[Qbs] Deployment and dependency bundling

Oswald Buddenhagen oswald.buddenhagen at gmx.de
Wed Jan 1 23:08:14 CET 2020


On Sat, Dec 28, 2019 at 08:45:26PM +0300, Alberto Mardegan wrote:
>On 27/12/19 21:24, Oswald Buddenhagen wrote:
>> "deployment" (you actually mean dependency embedding) is just a 
>> special form of "linking" dependencies. you should be able to make a 
>> fully static build or a bundle with embedded dlls and plugins from 
>> the same project, by flipping a single bit. similarly, for qml, you 
>> could select whether the qml files are compiled (with the old qml 
>> compiler) or embedded as-is.
>
>Yes. But you are describing the ideal world, not the current situation,
>right?
>
yes, but given that you're working on this stuff, having the "ideal 
world" (which is actually just pragmatism with a strategic view) on the 
radar seems prudent.

>> plugins specify a type, while modules declare what types of plugins 
>> they want to pull in. that makes this policy implicit, and a manual 
>> override is provided. that was actually already implemented for the 
>> qt port.
>
>I guess I miss some history here; what do you mean with "qt port"?
>
the port of qt to qbs, which was at alpha quality about 16 months ago, 
before it was backstabbed by tqtc's great "leadership".  
https://codereview.qt-project.org/q/branch:wip/qbs2

i don't remember whether the plugin handling went into the port or qbs 
proper (the latter seems more likely).

>>>    deployment.excludePatterns: [ "libstdc++.so*", "libxcb.so*" ]
>>>
>> the embedding property should apply to abstract modules (and their
>> "slices", i.e., files that fall into a particular category), not
>> os-specific files.  yes, that means that there need to be modules for
>> "system" dependencies, and they should be declared as such (so that
>> projects don't need to repeat the exclusions each time).
>
>In those cases where the exclusions are well-known, yes. But for
>AppImage the situation is rather foggy: the list of exclusions is not
>defined by any SDK, but it's the result of a trial and error effort,
>greatly depending on application developers submitting bug reports; a
>look at the history of the excludelist file in the AppImage repository
>[1] is enough to understand that we cannot consider it stable, and 
>we'll always have at least to provide a way to override parts of it.
>
i don't see anything in that file that contradicts my assertion.
whether a particular module should be considered a system one should be 
decided by the module provider depending on host system and the detected 
module configuration. occasional tweaks might be necessary, but that 
would happen in the module providers, which would come with qbs.
but even assuming that the user needs overrides, that would still happen 
with the granularity of modules, by their name.
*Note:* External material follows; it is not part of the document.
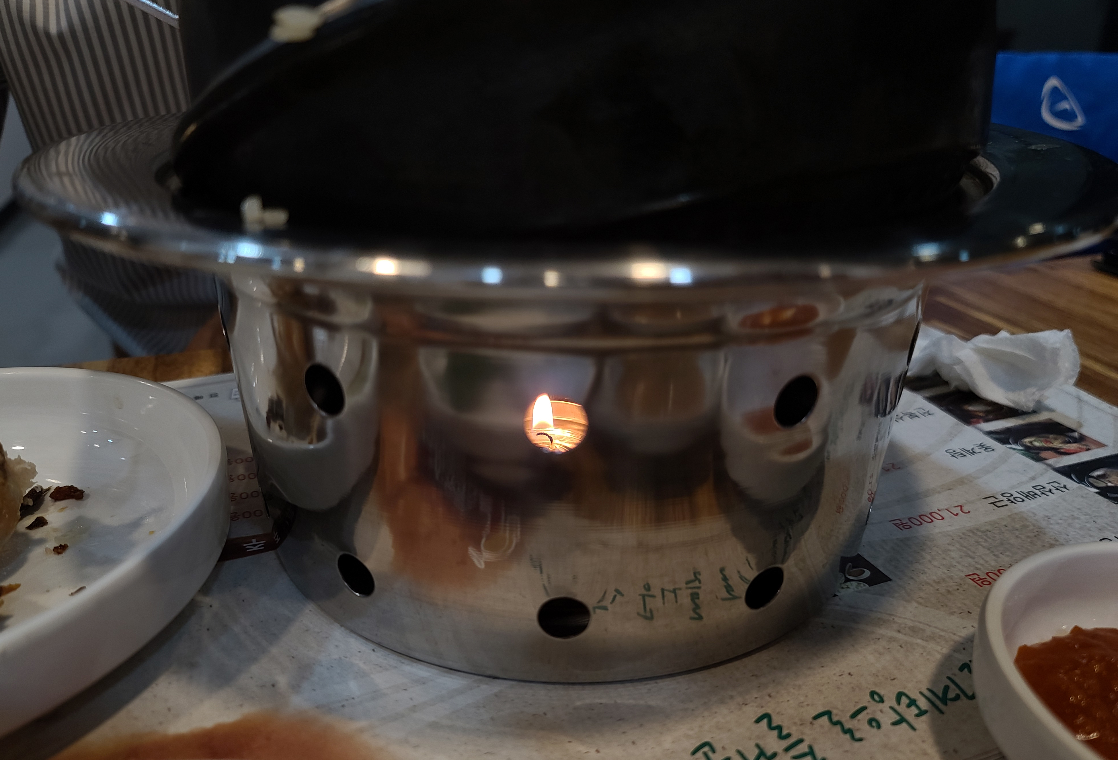 아버지께 대접한 전복 삼계탕은 기존의 삼계탕 위에 계란 지단이 고명으로 올라가 있었으며, 전복 2마리가 들어있는 형태였습니다. 특별히 캔들을 이용해 삼계탕이 식지 않도록 뚝배기 밑에서 은은하게 데워주는 것도 있었습니다. (후에 들으니 맛은 제가 먹은 삼계탕과 큰 차이는 없으셨다고 합니다.)

>What I'm still missing is an understanding of how this would look like
>from the point of view of the QBS user: do we agree that the installable
>package (MSI, PKG, AppImage, etc.) should be a different Product, or do
>we want to generate it when building the Application?
>Do we want to expose the different steps (dependency embedding and
>generation of the installable package file) to the QBS user (maybe as
>two different products?), or should they both happen together?
>
we've been asking these questions ourselves since the beginning - see 
QBS-16 and everything linked from there. ^^
dependency embedding, like "regular" install, can be a target that 
operates on the existing products.
but usually, some additional files are needed, even for a mac bundle 
that doesn't need any actual packaging.
a separate product would require seemingly useless boilerplate for 
simple projects.
one could auto-create a packaging product unless specified otherwise, 
but that's magic.
but designating some product to be the "primary" one that also 
determines the packaging would be wrong in the case of a proper 
installer/package that potentially contains multiple applications 
between which no clear hierarchy exists.
i guess apk/bundle/appimage are simply a different use case than 
msi/pkg/rpm - while the underlying mechanism of embedding dependencies 
into the product would be the same, the product in which this happens 
would differ between cases (primary app vs. separate).